A: Basically, because a flower is easy to make into a cartoon. You just draw a generic cartoon face -- a circle with eyes and a mouth -- and then add petals. Ta-da -- a marketable character.

Q: Why is he angry?

A: The simple answer is that angry is more fun to draw. If you're just doodling, the easiest way to inject a little vitality into your doodle character is to draw him frowning. Nothing better than angry, unless it's bored, which is why I always draw Stumpy looking bored.

 There is no complicated answer. A guy told me that his two kids had asked what it was that made Bob so angry. Well, jeez, I don't know. What makes Donald Duck so hyper? Nobody knows. It's just the kind of person he is. Same with Bob. The advantages of having a really hyper, excitable cartoon character for jokes are obvious.

Q: What kind of flower is Bob?

A: I'm not sure. I think he's a daisy-dandelion-sunflower crossbreed, the kind that walks and talks.

Q: Where does Bob come from? Does he have an origin?

A: No. When I first started my cartooning career at The Gateway, there was another cartoon also starting up called Chainsaw Rabbit. In the first few strips, we saw how Chainsaw acquired the ability to walk and talk from a bunch of weird scientific experiments. He then kills his creators and becomes a normal anarchic cartoon character. Chainsaw was always rather more popular than the cartoon I was doing at the time, and that haunts me. Whenever I think of origin stories for Bob, I invariably think of Chainsaw Rabbit-type origins, so I try not to think them.

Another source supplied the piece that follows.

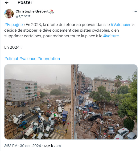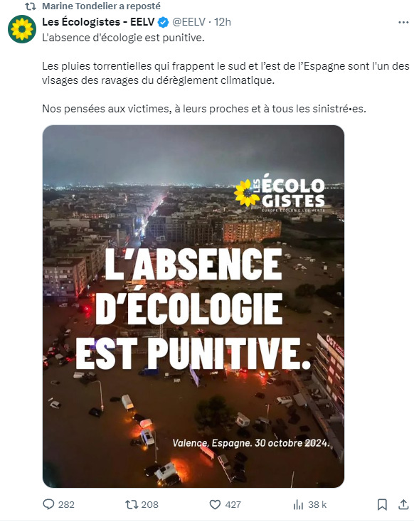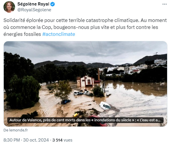 Les militants de tous poils ont immédiatement saisit la balle au bond pour propager l'énorme infox que la catastrophe naturelle à Valence est le résultat du dérèglement climatique.

Q: Is Bob ripped off of El Seed from The Tick?

A: Apparently not. I've had this question and answer on the page for a while, and I used to sheephisly say that I wasn't sure if I'd somehow seen the El Seed character from The Tick. I knew I'd invented Bob before the TV show, but I wasn't sure if he'd been in the comics that I'd seen.

However, in the last few months I've received a few e-mails from people informing me that I was right, and that El Seed had only appeared on the TV show, so I was in the clear.

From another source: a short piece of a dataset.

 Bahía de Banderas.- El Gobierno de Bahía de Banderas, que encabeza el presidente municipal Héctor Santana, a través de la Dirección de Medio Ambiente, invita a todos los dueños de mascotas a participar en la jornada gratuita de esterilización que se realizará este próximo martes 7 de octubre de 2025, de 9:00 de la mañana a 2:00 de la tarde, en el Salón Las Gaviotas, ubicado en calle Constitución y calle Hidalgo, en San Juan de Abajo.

Not, as I said before, that it realy mattered. Bob is not El Seed. El Seed has many petals, multi-leaved hands, a human body and always wears a matador's outfit. Bob has seven petals, uni-leaved hands, a flower stem for a body and almost never wears clothes. More importantly, El Seed is a one-shot parody villain with a joke name. Bob is an everyman protagonist. How could you confuse them? Sure, they look kinda similar, but so do Donald and Daffy and Howard, but it's pretty clear they're all three very different cartoon ducks. Same with Bob and El Seed.

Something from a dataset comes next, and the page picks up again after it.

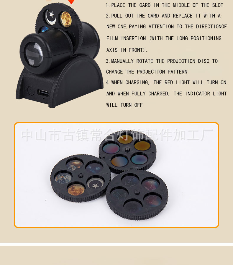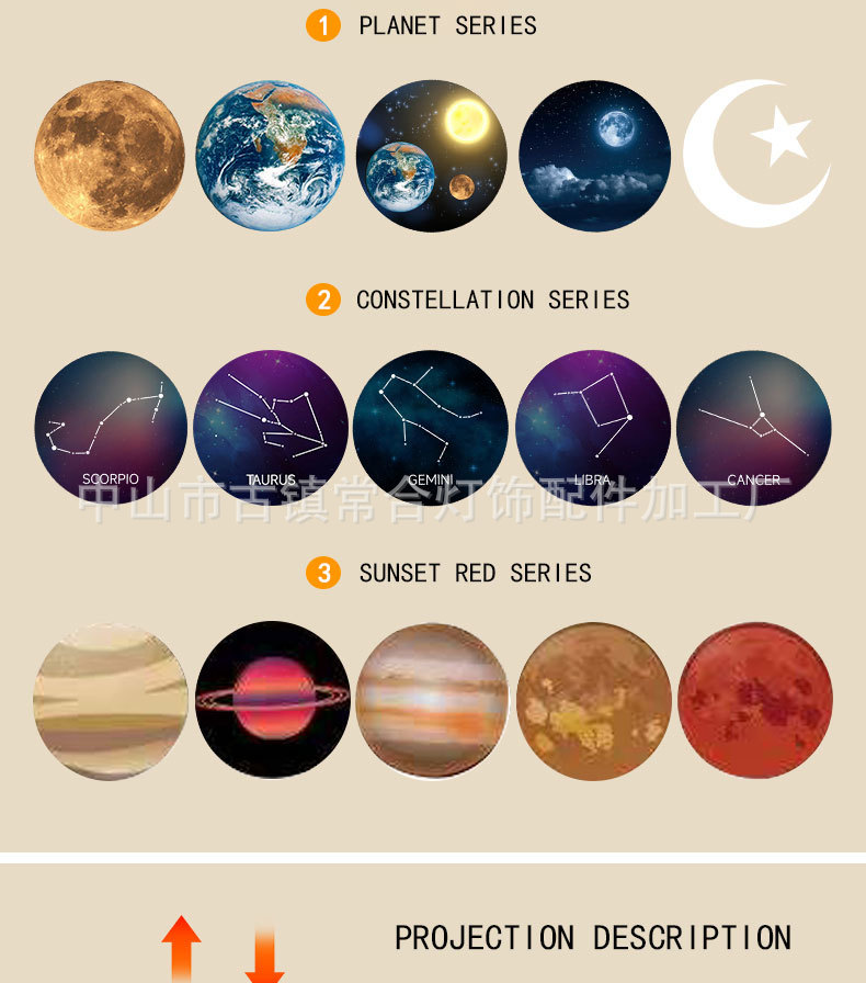 | Colores de luz | 15 efectos de proyección de una lámpara,Película de diapositivas de la serie Earth and Moon (sin luz para una sola película),Película de diapositivas de la serie Planet (sin luz para una sola película),Hoja de diapositivas de la serie Constellation (sin luz para una sola diapositiva) |

Q: Is Bob ripped off of that angry flower cartoon on MTV's Liquid Television?

A: The cartoon in question is called Crazy Daisy Ed, and no, I didn't rip it off.

Again, I started Bob in the summer of '92, and so even if Crazy Daisy Ed had existed then, living in Canada as I do, I had never seen it. I only discovered it about two years ago on videotape. That said, there certainly is a strong first-glance similarity between the two. Why? Because, deep down, there's nothing all that astoundingly ground-breaking about an angry flower as an idea for a cartoon. The first two Q&As on this page address the issue of why it's not impossible that two people, completely separately, might decide that an angry flower was cool.

It's a good illustration of the creative axiom that it's not the idea; it's what you do with it. If somebody says they have an idea for an action/adventure story set in an underwater base, you can get The Abyss or you can get Deep Star Six. Similar starting points; very different final products. In the case of Bob vs. Ed, I'd say that Bob is a little more surreal, and possibly a little more literate than Ed. Don't get me wrong-- I liked Ed. But he's not Bob, and Bob isn't him.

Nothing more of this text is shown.